What you will do: When you reach the line with "This 118.1 x" in the listing below, write out that line and every one after it exactly, and skip the pictures.

Available data:
---+---

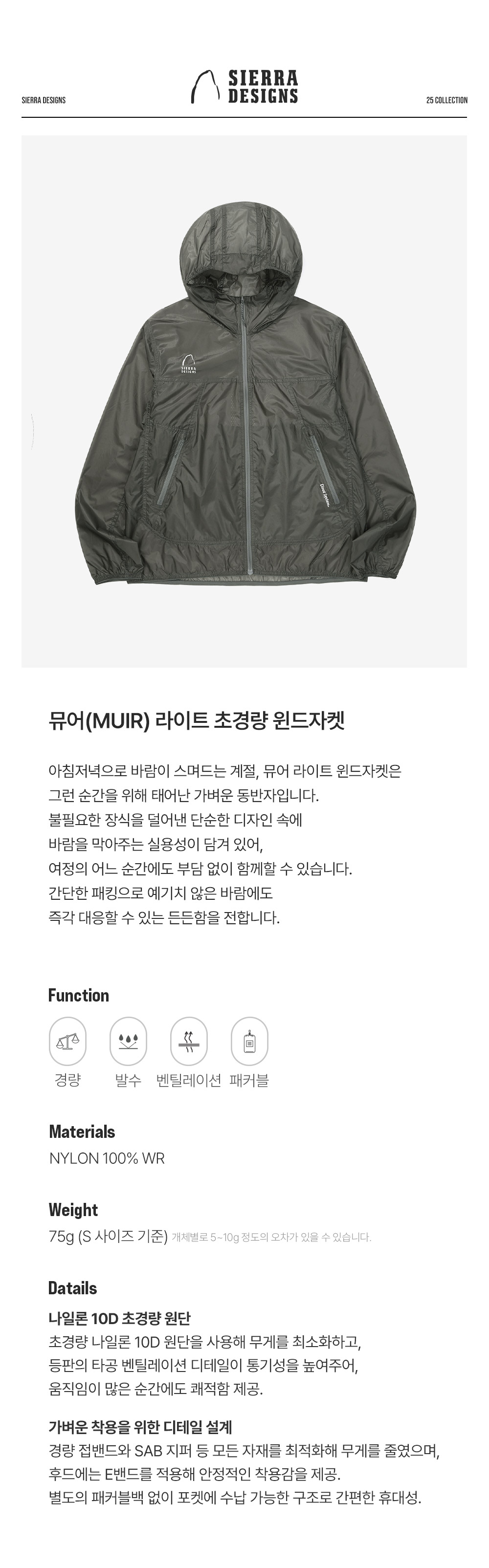시에라디자인 W 뮤어 라이트 초경량 윈드자켓 차콜
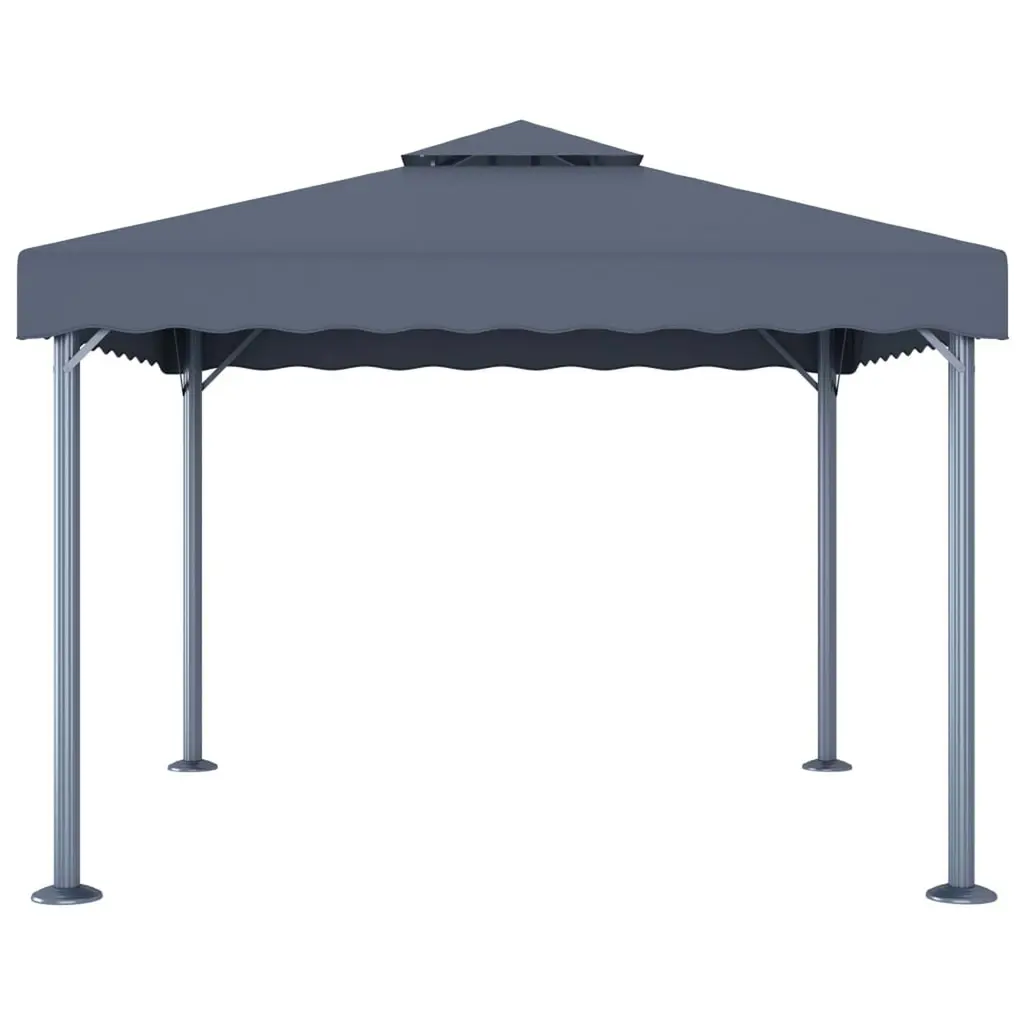 This 118.1 x 118.1 in Anthracite Gazebo is a stylish outdoor solution for any gathering, effortlessly sprucing up your garden or patio. Its classic design and smooth feel create a sophisticated vibe, perfect for dining or serving food, all while giving you plenty of coverage against whatever the weather brings. The double tops of the gazebo enhance airflow, keeping you comfy during outdoor events.Made from high-quality UV-resistant materials, this gazebo helps protect your guests from sun exposure while staying sturdy.With a large 118.1 in x 118.1 in design, it’s perfect for gatherings, dining setups, and outdoor parties.The powder-coated aluminum and steel frame resists rust, ensuring it lasts even in rough weather.Designed for outdoor use, this gazebo adds a stylish touch to any garden or patio, great for casual summer occasions.
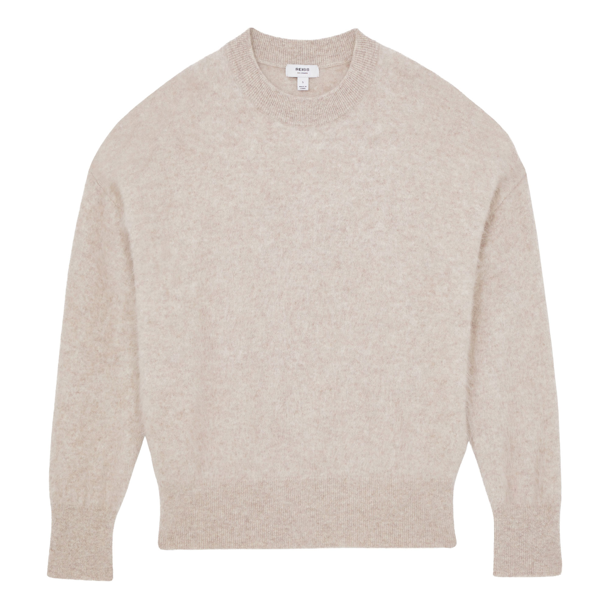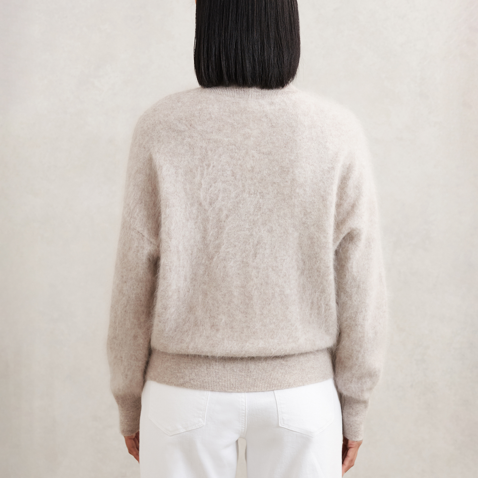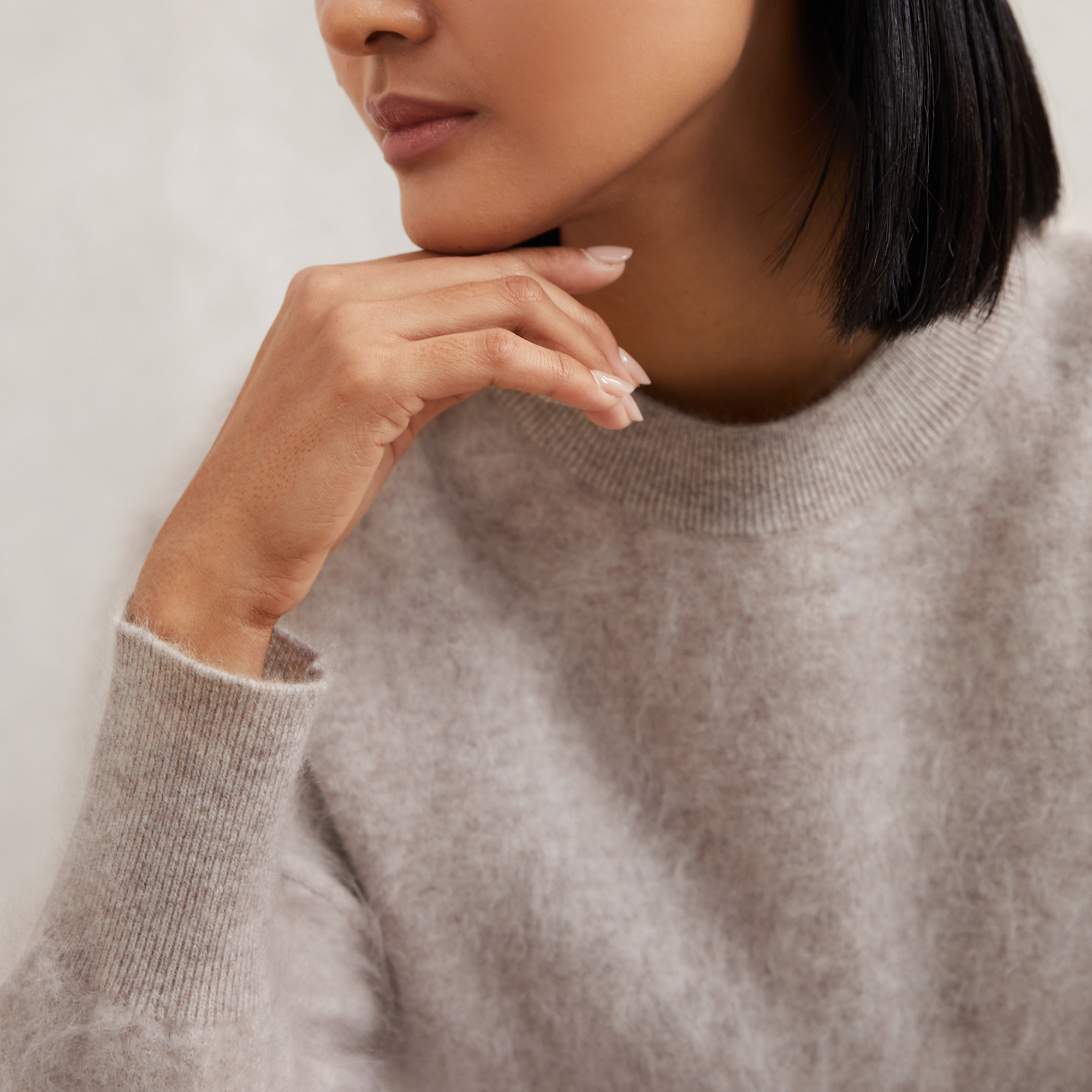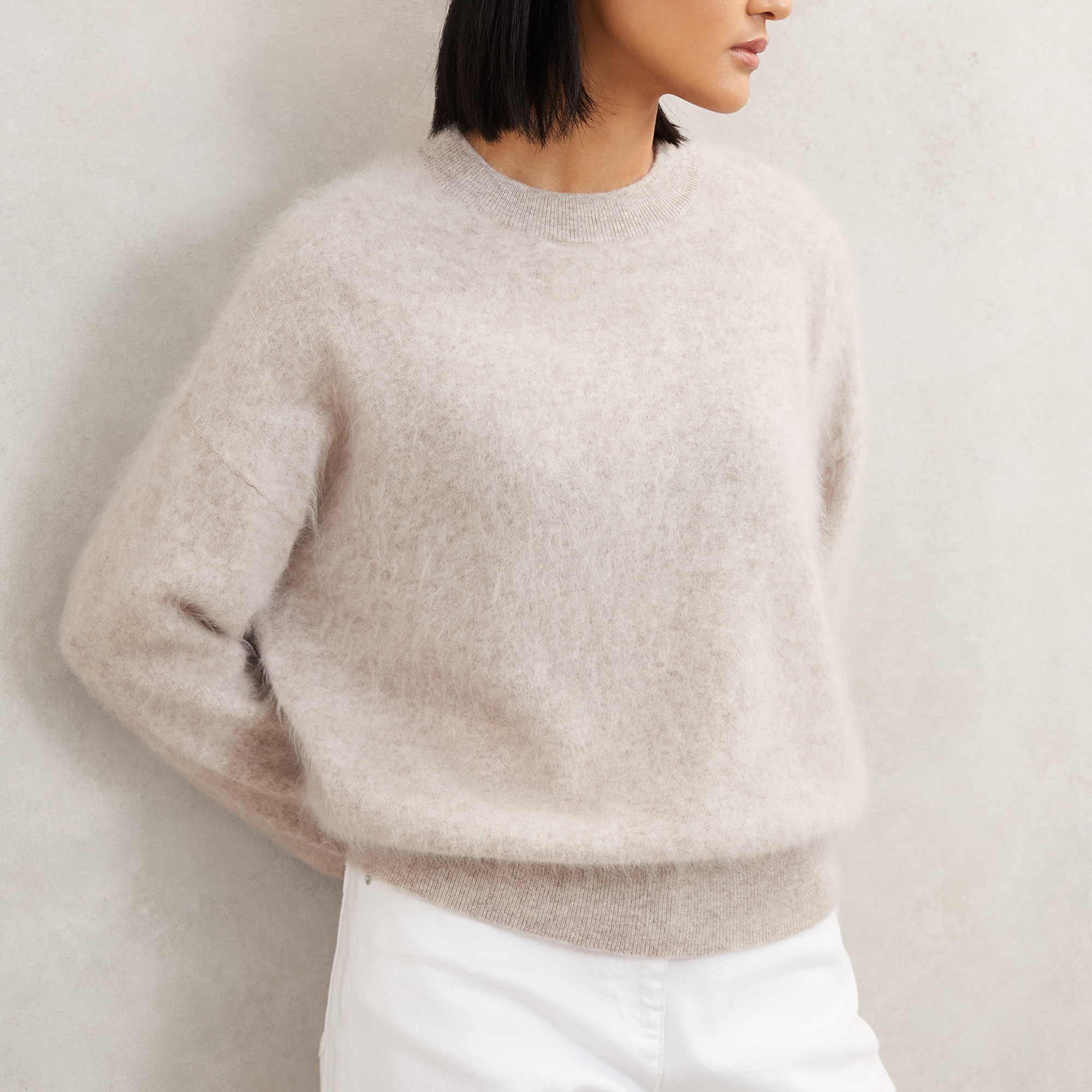 - Brushed cashmere, crew neckline, long sleeves, ribbed trims

---+---

Answer:
 This 118.1 x 118.1 in Anthracite Gazebo is a stylish outdoor solution for any gathering, effortlessly sprucing up your garden or patio. Its classic design and smooth feel create a sophisticated vibe, perfect for dining or serving food, all while giving you plenty of coverage against whatever the weather brings. The double tops of the gazebo enhance airflow, keeping you comfy during outdoor events.Made from high-quality UV-resistant materials, this gazebo helps protect your guests from sun exposure while staying sturdy.With a large 118.1 in x 118.1 in design, it’s perfect for gatherings, dining setups, and outdoor parties.The powder-coated aluminum and steel frame resists rust, ensuring it lasts even in rough weather.Designed for outdoor use, this gazebo adds a stylish touch to any garden or patio, great for casual summer occasions.
 - Brushed cashmere, crew neckline, long sleeves, ribbed trims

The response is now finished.